What is Web Scraping?

Web scraping is fundamentally the extracting of large amounts of data from websites. I built a program in Python that allowed me to grab data from the HTML tags of a website by implementing some neat searching functions found in a Python library called BeautifulSoup.

For example, with this web scraper I could grab data on prices for a given item (or all items, if you wanted) on my favorite shopping website and set up a notificaiton system to alert me when the price for that item drops below a certain threshold. Or you could go the more hilarious route and do what I did: monitor the social habits of users who comment on adult video websites.

Tools Used

As stated above, I used Python in order to scrape the data from the site and BeautifulSoup for the html parsing.
In addition to those two, I used:

The Project

This app used a Python script to scrape user comments from a random video on an adult entertainment site, then placed the images over inspirational wallpapers from reddit. Although the project seems foolish, I was able to learn a ton.

I learned how to traverse HTML elements with Python in Beautiful Soup, output data from python into CSV format, read in CSV files in JavaScript and make Reddit API calls, and how to schedule Python scripts to run in specific time intervals on a Node server.

This project could’ve been more functional had I wrote the tools in a way that allowed for better communication between each module.

If I would have built the entire project with Django, the Python script wouldn’t need to output CSV to be read in by my Node server or if I chose to write the web scraper in PHP I could schedule requests to scrape in PHP with something like Goutta.

Instead, I chose to use both Python and JavaScript which led me to build a simple API with ExpressJS. I’m not unhappy with this result; I’ve realized how my app could be improved and I ended up putting in a ton of practice in techniques I plan to use in my career as a full stack developer.

The general flow of the app is as follows:

  1. Startup (app.js). Server starts, Python begins first scrape.

  2. Upon Python scrape completion, result data is output in CSV.

  3. At scheduled intervals or when the page is refreshed (should normalize this somehow), the Python script is rerun.

  4. Node grabs a “random” entry from the comment data read in through the CSV file and sends to the client via the API I created with ExpressJS routing.

  5. User gets potentially comedic wallpaper.

Screenshot

Here’s the source code on GitHub if you’d like to see it!

After finishing this project I posted it on a Facebook group called Hackathon Hackers just to see if anyone would give it a look and maybe get a chuckle out of my weekend expedition. To my surprise (and delight), the project was met with positivity from the community. I received comments and messages with suggestions on bugs to fix, how I could improve the app, and people who just wanted to tell me I made them laugh and that they couldn’t wait to show it to their friends.

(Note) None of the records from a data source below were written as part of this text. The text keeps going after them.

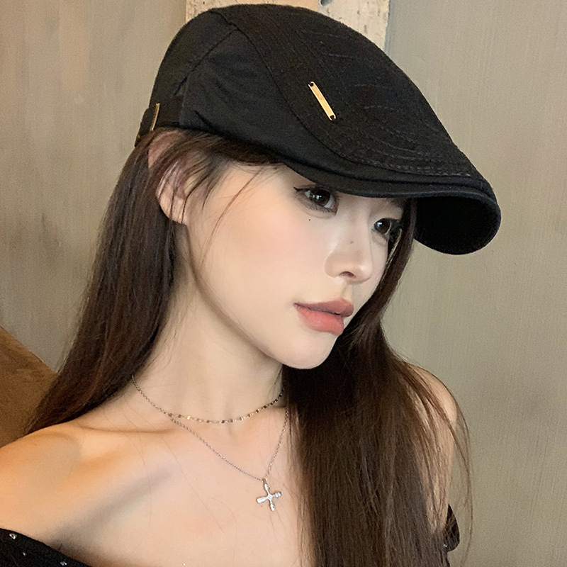 复古前进帽女款夏季新款宽檐显脸小贝雷帽百搭简约薄款透气鸭嘴帽
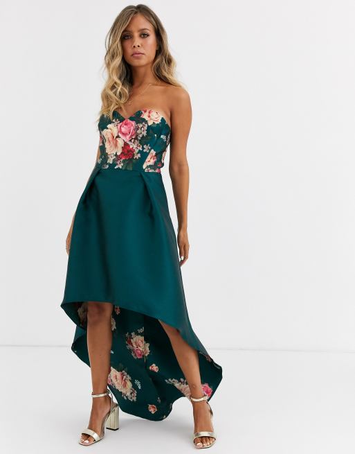 Chi Chi London Bandeau Prom Dress With High Low Hem In Green Floral Asos
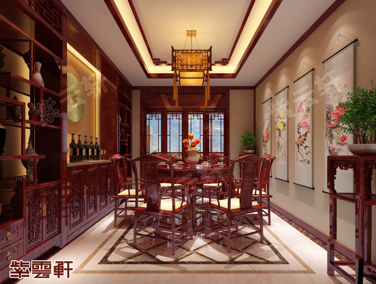 餐厅,素面富贵围板组合后座椅流露出一丝尊贵华美,与流苏宫灯交相呼应形成一道唯美古典风格,中式设计装饰选用的四君子画十分淡雅传神,有着内敛的温存,有着绽放的激情,也象征着我们的生活有激情。
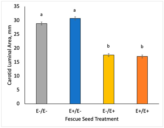Figure 2. Carotid luminal area was measured on d 123 ± 7 in ewes fed E− or E+ fescue seed from d 35 to 85 and/or d 85 to parturition. a,b Superscripts denote differences (p < 0.05).
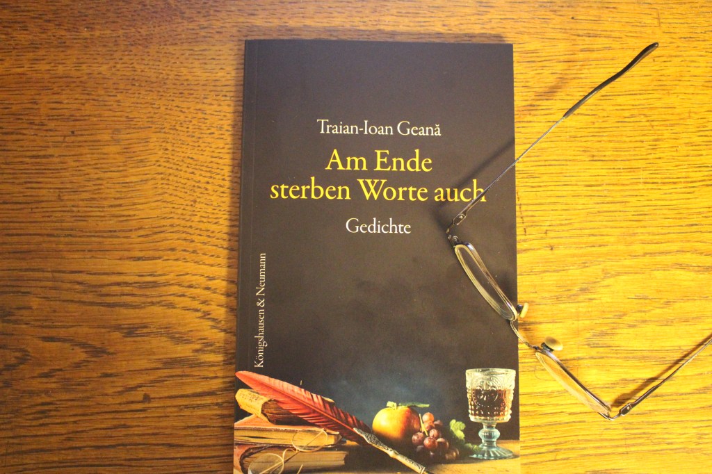 „Am Ende sterben die Worte auch“ ist ein Satz, hier sogar ein Titel, der prophetisch eine dezente Stimmung von Melancholie verursacht. Dabei sind die Gedichte nicht schwerfällig, sondern Traian-Ioan Geană zeigt sich als Sprachkünstler, der zeitgenössische Lyrik verfasst und aktuelle Themen und Stimmungen einfängt. Das Buch ist somit kein Abgesang, auch wenn die Titelgestaltung an ein Vanitas erinnert. Ein Stillleben, eine sprachliche Seelenreise, die ganz genau zu beobachten weiß und dabei Gefühls- und Gedankenmomente fixiert.
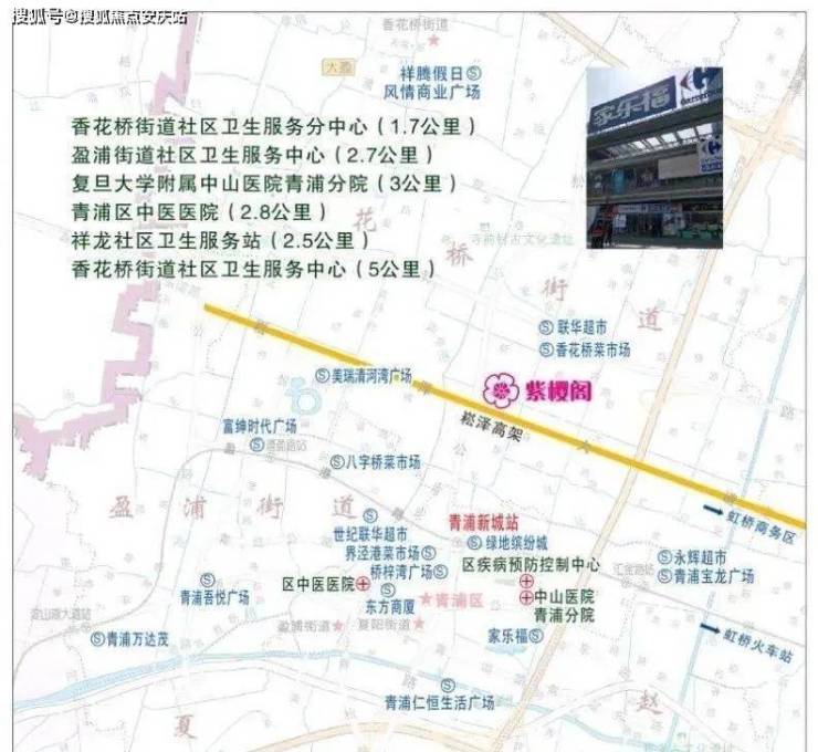 【紫樱阁】位于青浦外青松公路和崧泽大道交叉口,这是青浦新城区的核心地段。
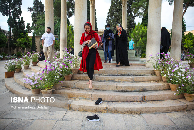 تصاویر نشان میدهد مخاطبان مقبرهی حافظ، در صفی که نزدیک به یکدیگر تشکیل شده، وارد میشوند و رفتارشان گویا مشابه همان آیین و آدابی است که پیش از دورانِ کرونا در زمانِ حضور در حافظیه به آن پایبند بودهاند!
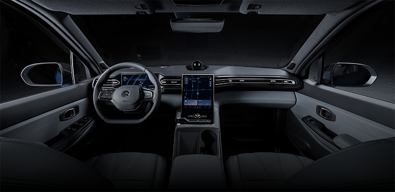 可以看到,这套新内饰的样式与蔚来在售车型上现用的的样式完全不同。中控台上贯穿的屏幕取代了现款的纵向放置的大屏幕,从效果图上来看,除了全液晶仪表盘之外,这块连屏的尺寸达到了70*16cm。另外,方向盘的样式也有所更改,多功能按键更加简洁。
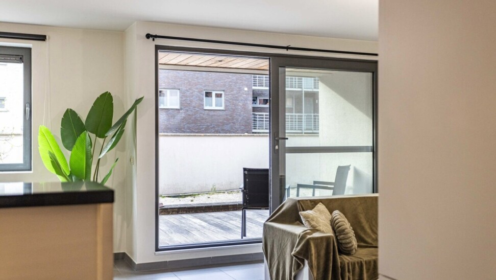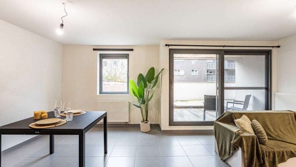 Depuis le séjour, vous avez un accès direct à la terrasse orientée plein sud, où vous pourrez profiter du soleil en toute tranquillité.
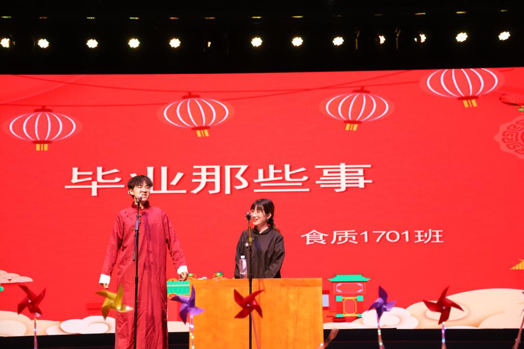 “舞动青春•梦想启航”篇章,食科1703班带来一首热血澎湃的《少年》,拉开了晚会的序幕。食科1704班集体表演了生动形象的光影戏,勾起了同学们对大学四年往事的回忆。欧阳思颖等同学《When we dance》的热辣舞蹈燃起全场。“此岸青春•彼岸年华”篇章,食科1707班的舞台剧、食科1706班的《干杯》和钢琴演奏《贝多芬春天鸣奏曲》生动活泼地演绎了大学四年的青春年华,食科1705班带来歌舞《达拉崩吧》,青春的活力在他们身上展现得淋漓尽致。食科1702班、食科1708班、食科1709班带来毕业祝福视频。“青春拂晓•圆梦今朝”篇章,马国娇等带来的舞蹈《Cutie Sexy Ladies》、食科1701班的相声《毕业那些事》、ATF器乐部的《权利的游戏》、研究生尹健等带来的歌曲《江南》,让大家一同再次领略江南的风光。副班们的歌曲串烧开启了“青春逐梦•行远思恩”篇章,将大家的思绪拉回四年前那个让彼此相遇相识的夏末,由班主任带来的歌曲《祝你一路顺风》、辅导员带来的歌曲《再见》传递出浓浓的不舍之情,将晚会带入高潮。
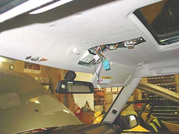 To control the ARB air lockers on the Disco we have fabricated a small overhead pod that blends in with the factory overhead pieces. Here you can see that we have relocated the interior light on the factory panel a few inches and fabricated a spacer so that when it is installed it will not touch the sunroof motor (green arrow) underneath it. We then fabricated a small pod that holds the switches for the air locker system that mimics the look of the sunroof control panel for a nice clean install. The locker switches will now be within easy reach, they look like a factory addition and they don't cause problems with any other system.
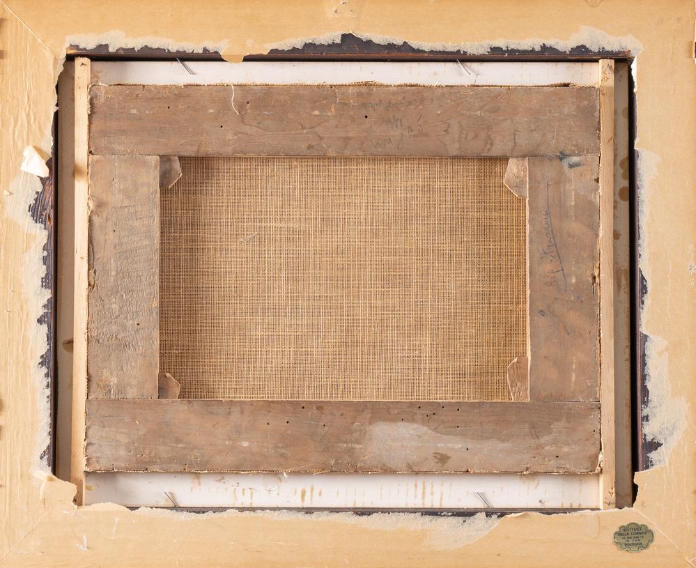Pittore anonimo del XX secolo. "Passeggiata". Olio su tela. Cm 31,8x42. Sul telaio reca scritte non decifrate.
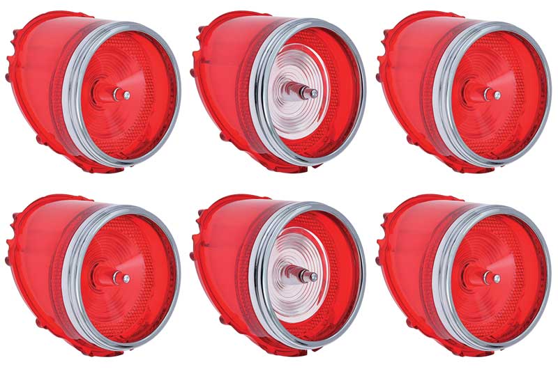 Reproduction of the original rear tail lamp lens and back-up lamp lens set designed for 1965 Impala models. This 6-piece rear lens set includes 4 rear red tail lamp lenses and 2 back-up lenses. These injection molded lenses are produced in UV stable acrylic in the proper color and feature correct SAE and "Guide" markings as original. Each lens also features the chrome plated trim ring and center tip ornament pre-attached.
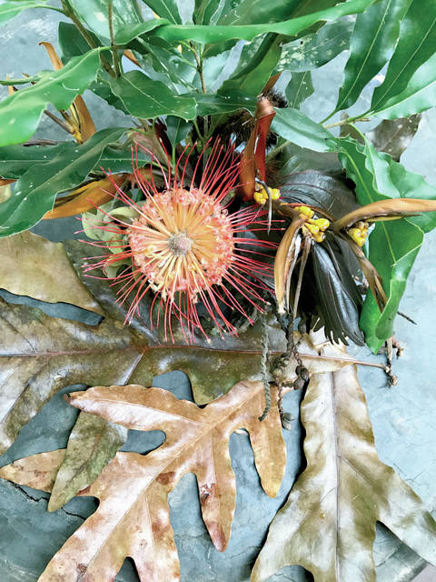 Courtesy of VOLTAIRE MOISE The macadamia family includes more than a thousand species, including silky oak, protea and stenocarpus, or Australian pinwheel tree. Leaves and flowers often are used in holiday decoration.
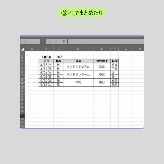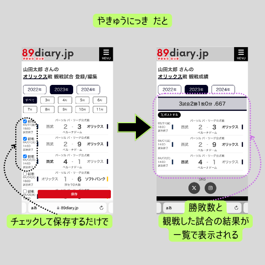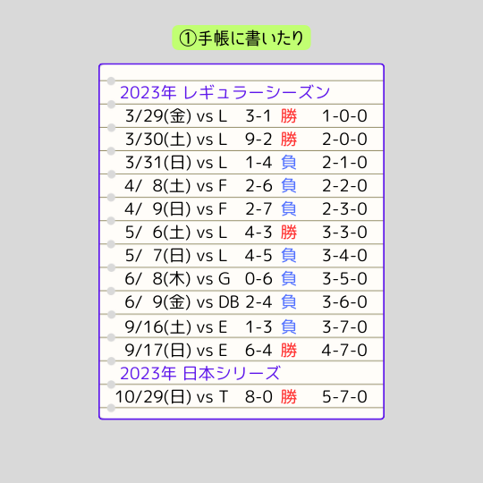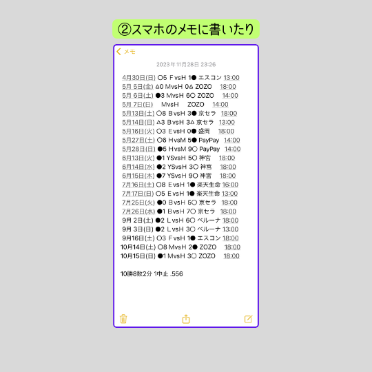 今までは観戦した試合の日付や対戦相手・球場・スコアを個人で ①「手帳に書いたり」 ②「スマホのメモに書いたり」 ③「PCでまとめたり」 するといった手間のかかる観戦成績が手軽にまとめれるようにできます。
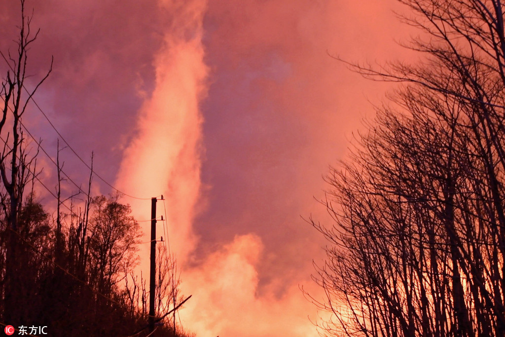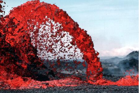 当时,一道裂缝喷射出40英尺(约12米)高的熔岩柱。
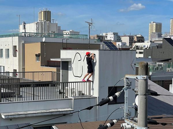 一方、トモトシは、引っ越し業者が壁や床に傷をつけないように養生する技術を応用し、建物の鋭角な部分を「やわらかく」、つまり「ほんわか」させていく試みを展開。また、BIENは、約9メートルの吹き抜けに建物の骨組みを現出させることで、リノベーションの痕跡を可視化する。
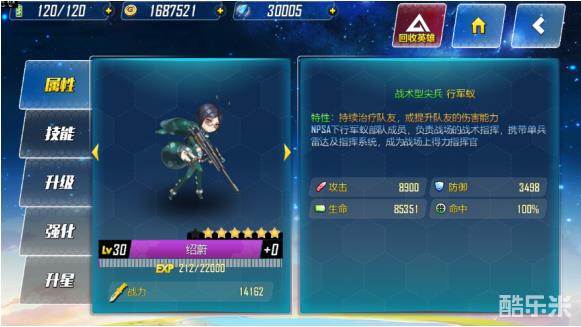 作为一个纯粹的“战斗奶”,升星后效果是非常可怕的,四星以后可以激活“纳米激素”技能,每隔20%,提升我方单体目标30%的攻击,持续10秒。搭配高输出的单秒爆发型尖兵,输出简直谜之可怕!3V3战场必带“尖兵”。六星以后可以激活“增幅合剂”治疗量提升30%,遇上强力输出的BOSS,稳不掉血,躲在一旁就偷着乐吧!

I’m glad I built something fun while learning new technology and in the end got to show it to people who appreciated it. The “Juxtaposition Generator” was one of my simpler app endeavors, but extremely enjoyable nonetheless.

Thanks for reading.


Hopefully this post has helped you in some way. If you’d like more resources on the subject or would like clarification, feel free to post a comment below.

-Tony

Tony De La nuez

Tony De La nuez

Site Reliability Engineer @ Atlassian. Interested in software development, infrastructure, games.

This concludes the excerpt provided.